5. Park in your own space
If your apartment has assigned parking, stick to it. Property managers can be overwhelmed by complaints about parking. Eventually, they will get tired of asking you to move your car and have it towed. It also gives a bad impression. People will view you as someone who is not considerate of other people.

6. Pay on time
Try to pay on time every month. Property managers understand that sometimes things happen. If you are in a situation one month that you need an extra couple days, if you have paid on time every other month, they are more likely to work with you.

Related to this, if you are going to be late on the rent, be honest about it. Tell the land lord that you need a few more days and then pay when you said you would. If you make them chase you down, they aren’t going to be as willing to work with you.

7. Give notice
If you are planning to move, make sure to give the notice that is required in your rental agreement. Chances are you will need references. Don’t ruin all that time being a good tenant by not giving notice.

8. Try to resolve disputes yourself
If you children aren’t getting along with the neighbor’s children, try to work it out without involving the land lord. If there is a problem related to safety or lease violations, report it. Just keep in mind, that as adults, you should resolve your own disputes. It is unfair to expect the land lord to take sides.

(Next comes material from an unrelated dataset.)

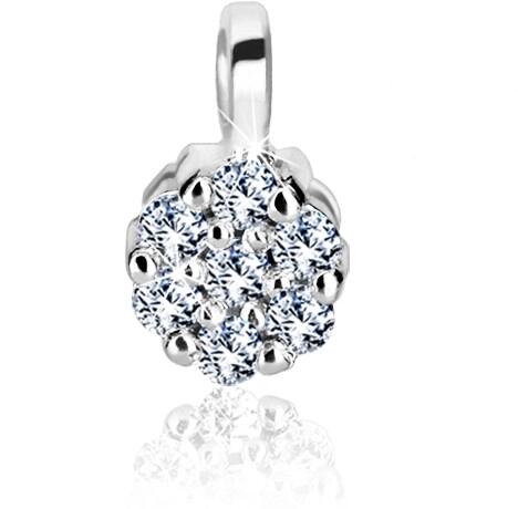 A 375 fehér arany medál kör alakú. Elülső részén csiszolt, átlátszó, kerek cirkóniák csillognak virág formájában. A láncra kerülő szem kerek alakú és a medál felső részén található. Medál méretei: 4 x 6 mmMedál súlya: 0,19 gA láncra kerülő szem szélessége: 1 mmFémjelzéssel ellátott. A medál lánc nélküli.

There is not really much that can be done from the land lord’s position about children that don’t get along or someone’s car door left a ding in someone else’s door. These are the kinds of things you should resolve on your own.

Some of this may seem a little silly but these are things that I have heard from property managers that take up their time and happen frequently. Just remember, the more time the land lord spends resolving disputes and dealing with things that adults should be able to handle themselves, the less time there is to deal with repairs and things that need to be done.